In the records below, repeat word for word only the lines starting at the one that contains "Wel zelden zal" and ending at the one that contains "Disney Tangled Rapunzel", pictures excluded.
====
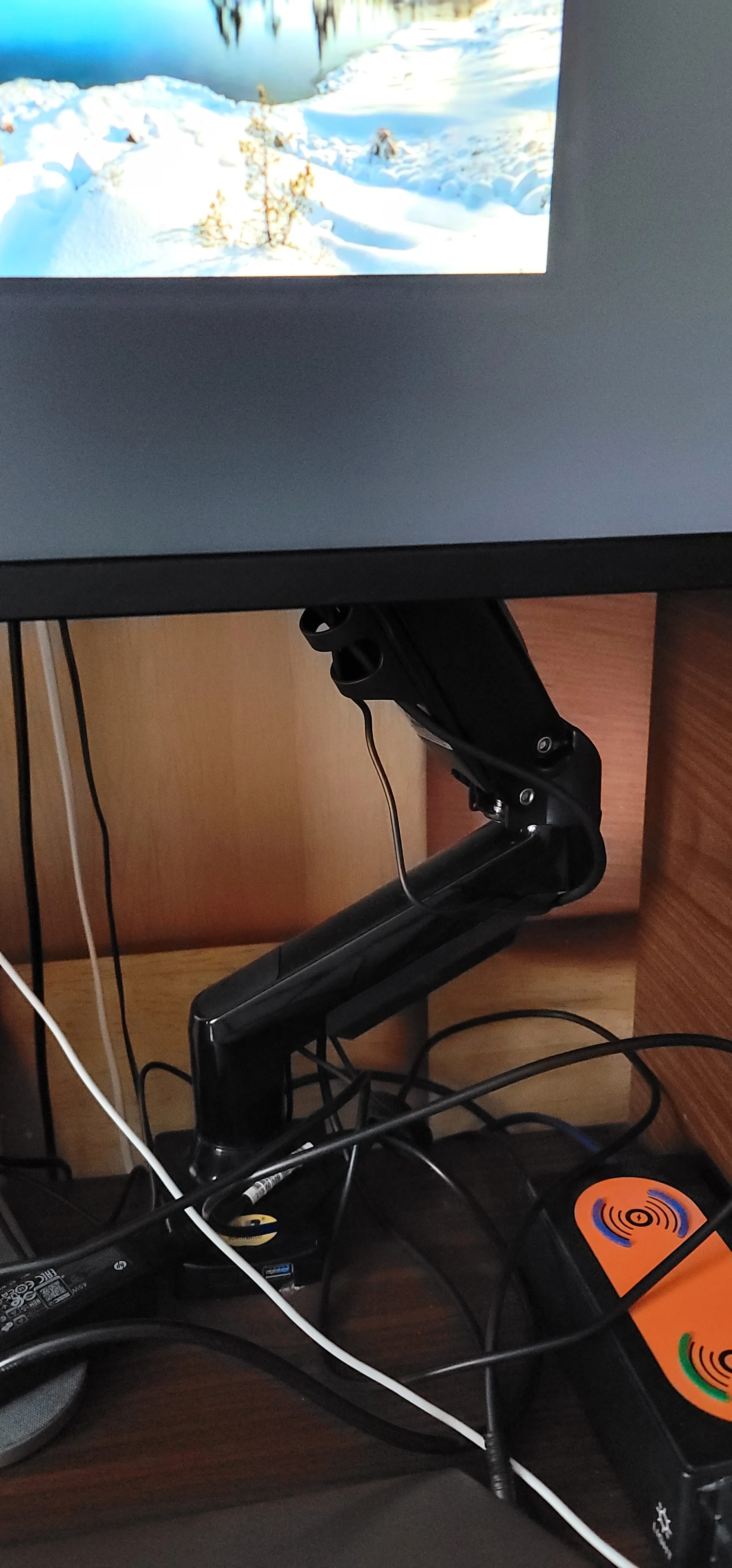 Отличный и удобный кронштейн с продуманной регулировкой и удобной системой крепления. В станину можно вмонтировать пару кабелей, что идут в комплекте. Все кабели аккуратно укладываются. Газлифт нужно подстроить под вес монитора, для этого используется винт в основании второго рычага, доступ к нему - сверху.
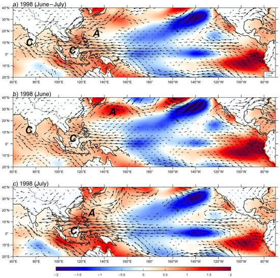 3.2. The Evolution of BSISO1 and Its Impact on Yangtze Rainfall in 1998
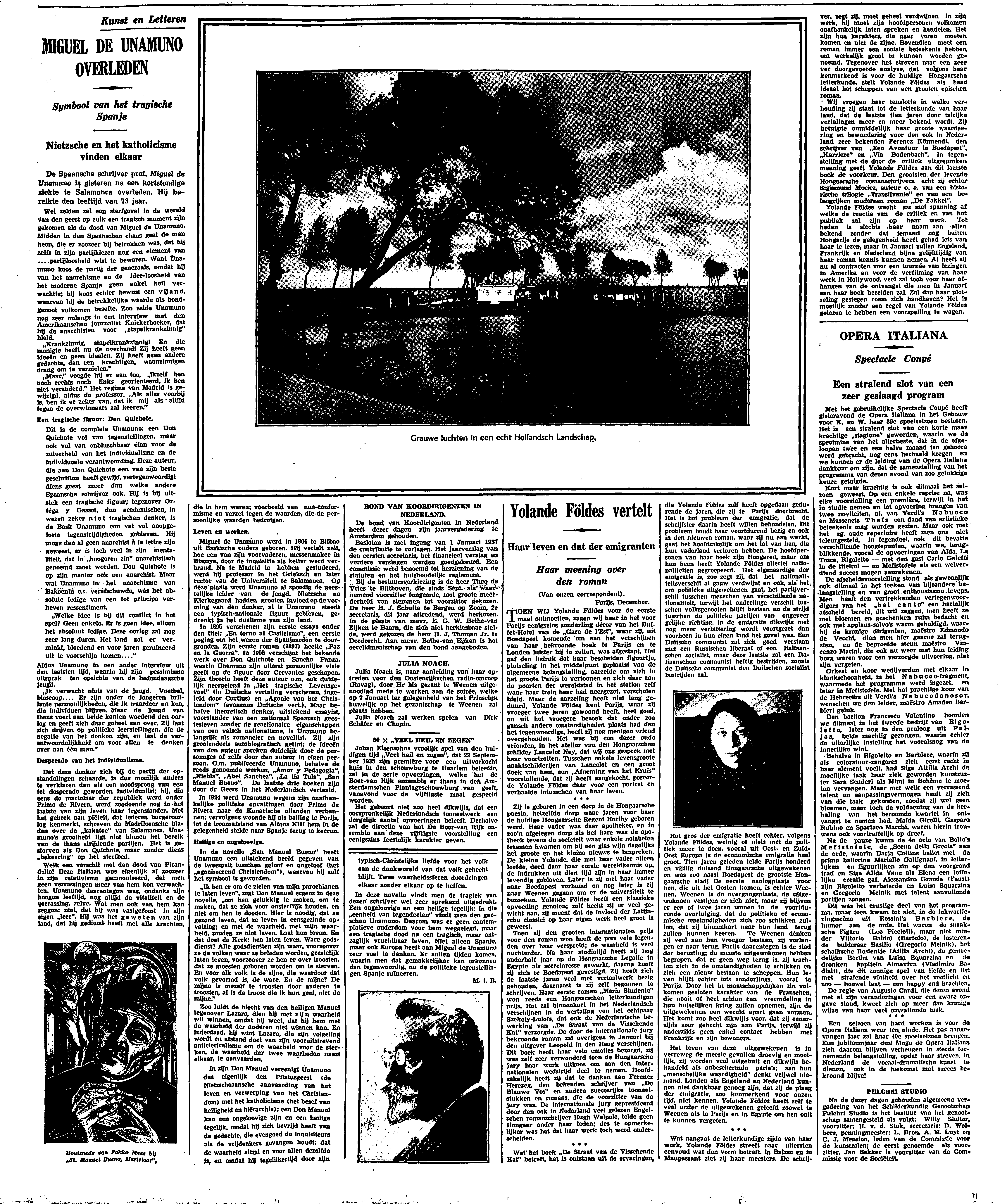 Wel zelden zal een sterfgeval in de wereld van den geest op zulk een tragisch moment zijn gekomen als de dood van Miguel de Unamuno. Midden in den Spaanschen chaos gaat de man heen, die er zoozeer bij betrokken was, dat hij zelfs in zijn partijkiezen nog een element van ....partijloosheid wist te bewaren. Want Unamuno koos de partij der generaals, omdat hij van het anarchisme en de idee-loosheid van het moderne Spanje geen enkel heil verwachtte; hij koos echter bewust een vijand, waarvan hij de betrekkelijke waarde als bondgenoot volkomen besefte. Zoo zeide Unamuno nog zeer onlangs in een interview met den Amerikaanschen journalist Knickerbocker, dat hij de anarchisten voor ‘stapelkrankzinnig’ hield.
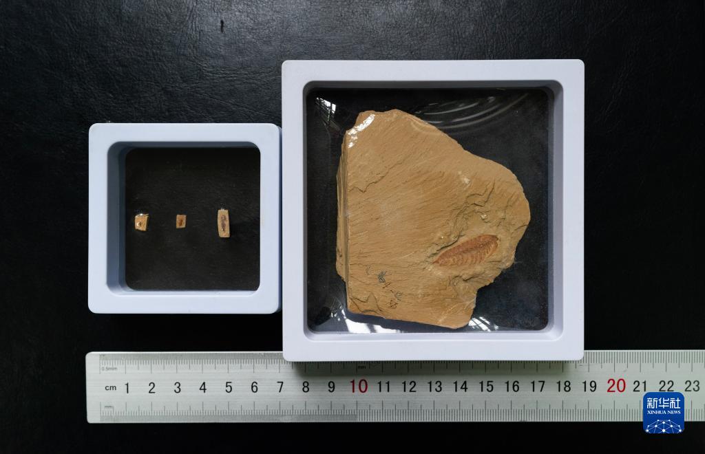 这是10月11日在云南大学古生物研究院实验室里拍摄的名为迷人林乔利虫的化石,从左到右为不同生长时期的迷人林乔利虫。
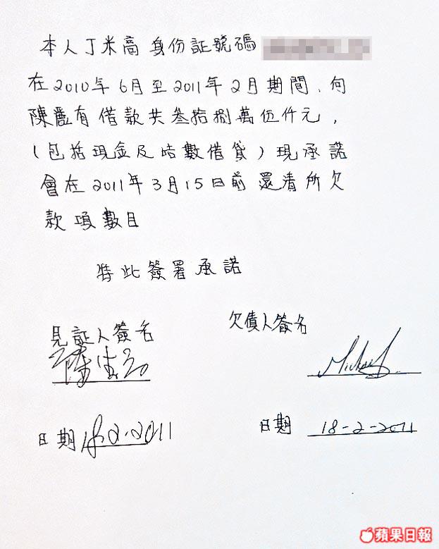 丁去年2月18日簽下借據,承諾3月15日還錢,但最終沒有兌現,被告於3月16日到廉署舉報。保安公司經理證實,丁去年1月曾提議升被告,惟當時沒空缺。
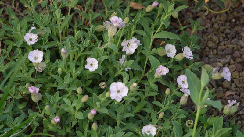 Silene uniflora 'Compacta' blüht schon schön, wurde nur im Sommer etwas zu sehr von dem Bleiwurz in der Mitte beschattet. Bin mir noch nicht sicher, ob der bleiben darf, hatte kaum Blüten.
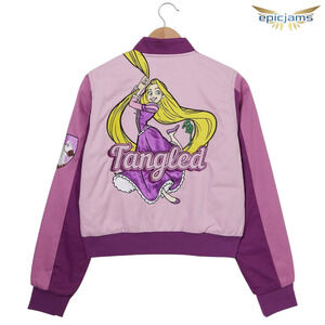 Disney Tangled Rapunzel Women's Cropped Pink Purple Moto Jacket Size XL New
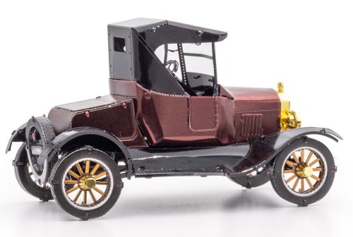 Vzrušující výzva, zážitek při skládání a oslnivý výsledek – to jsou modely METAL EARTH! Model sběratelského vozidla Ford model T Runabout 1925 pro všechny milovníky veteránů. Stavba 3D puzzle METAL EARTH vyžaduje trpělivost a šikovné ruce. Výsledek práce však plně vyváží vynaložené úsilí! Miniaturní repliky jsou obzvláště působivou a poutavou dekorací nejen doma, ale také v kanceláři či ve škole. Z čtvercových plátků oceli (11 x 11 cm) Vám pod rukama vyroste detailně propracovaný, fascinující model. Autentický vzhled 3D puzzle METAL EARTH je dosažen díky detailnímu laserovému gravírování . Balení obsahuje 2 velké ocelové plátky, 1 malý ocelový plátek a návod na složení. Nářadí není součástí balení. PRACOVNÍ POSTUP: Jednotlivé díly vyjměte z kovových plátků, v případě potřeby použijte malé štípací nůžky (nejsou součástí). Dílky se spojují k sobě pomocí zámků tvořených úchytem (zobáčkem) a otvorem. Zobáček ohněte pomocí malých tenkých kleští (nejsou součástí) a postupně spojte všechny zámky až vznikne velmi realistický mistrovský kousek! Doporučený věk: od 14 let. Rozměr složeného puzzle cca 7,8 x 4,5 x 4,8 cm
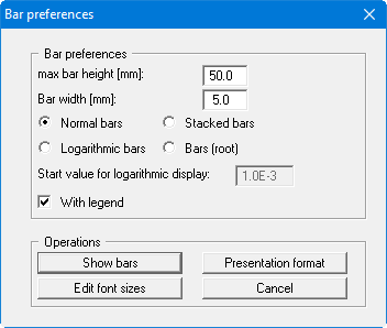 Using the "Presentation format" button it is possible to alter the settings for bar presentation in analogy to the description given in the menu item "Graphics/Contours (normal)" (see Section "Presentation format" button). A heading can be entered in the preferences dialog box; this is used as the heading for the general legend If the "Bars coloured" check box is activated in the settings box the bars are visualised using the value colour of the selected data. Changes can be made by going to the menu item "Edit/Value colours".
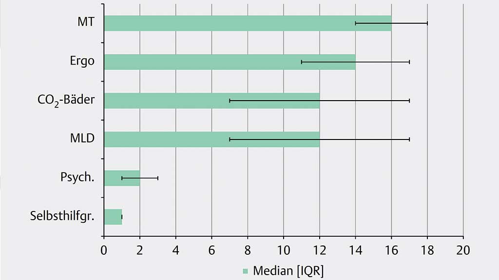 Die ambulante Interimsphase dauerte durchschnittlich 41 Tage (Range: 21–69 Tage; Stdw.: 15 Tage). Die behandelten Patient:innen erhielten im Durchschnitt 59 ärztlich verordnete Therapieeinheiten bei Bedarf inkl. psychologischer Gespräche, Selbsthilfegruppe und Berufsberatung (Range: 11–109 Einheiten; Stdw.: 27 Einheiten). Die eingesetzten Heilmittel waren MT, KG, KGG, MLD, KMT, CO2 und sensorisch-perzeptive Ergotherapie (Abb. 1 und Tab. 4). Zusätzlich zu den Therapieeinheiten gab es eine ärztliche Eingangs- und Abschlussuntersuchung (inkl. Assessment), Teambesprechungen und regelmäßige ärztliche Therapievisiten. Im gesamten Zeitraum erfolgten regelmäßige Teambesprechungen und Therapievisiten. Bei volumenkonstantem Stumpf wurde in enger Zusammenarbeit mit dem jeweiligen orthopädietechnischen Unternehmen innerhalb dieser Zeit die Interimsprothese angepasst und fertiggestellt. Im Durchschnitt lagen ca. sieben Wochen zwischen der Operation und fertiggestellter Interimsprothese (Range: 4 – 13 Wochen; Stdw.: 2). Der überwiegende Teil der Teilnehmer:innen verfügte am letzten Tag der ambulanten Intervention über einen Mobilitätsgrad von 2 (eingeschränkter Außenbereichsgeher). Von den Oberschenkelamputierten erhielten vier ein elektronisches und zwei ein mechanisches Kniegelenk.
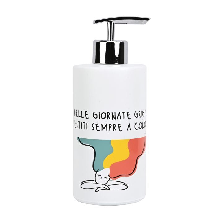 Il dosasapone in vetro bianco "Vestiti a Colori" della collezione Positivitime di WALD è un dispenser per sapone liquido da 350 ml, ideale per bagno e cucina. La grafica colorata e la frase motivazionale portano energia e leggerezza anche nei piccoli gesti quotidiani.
====
Exercise answer »
 Wel zelden zal een sterfgeval in de wereld van den geest op zulk een tragisch moment zijn gekomen als de dood van Miguel de Unamuno. Midden in den Spaanschen chaos gaat de man heen, die er zoozeer bij betrokken was, dat hij zelfs in zijn partijkiezen nog een element van ....partijloosheid wist te bewaren. Want Unamuno koos de partij der generaals, omdat hij van het anarchisme en de idee-loosheid van het moderne Spanje geen enkel heil verwachtte; hij koos echter bewust een vijand, waarvan hij de betrekkelijke waarde als bondgenoot volkomen besefte. Zoo zeide Unamuno nog zeer onlangs in een interview met den Amerikaanschen journalist Knickerbocker, dat hij de anarchisten voor ‘stapelkrankzinnig’ hield.
 这是10月11日在云南大学古生物研究院实验室里拍摄的名为迷人林乔利虫的化石,从左到右为不同生长时期的迷人林乔利虫。
 丁去年2月18日簽下借據,承諾3月15日還錢,但最終沒有兌現,被告於3月16日到廉署舉報。保安公司經理證實,丁去年1月曾提議升被告,惟當時沒空缺。
 Silene uniflora 'Compacta' blüht schon schön, wurde nur im Sommer etwas zu sehr von dem Bleiwurz in der Mitte beschattet. Bin mir noch nicht sicher, ob der bleiben darf, hatte kaum Blüten.
 Disney Tangled Rapunzel Women's Cropped Pink Purple Moto Jacket Size XL New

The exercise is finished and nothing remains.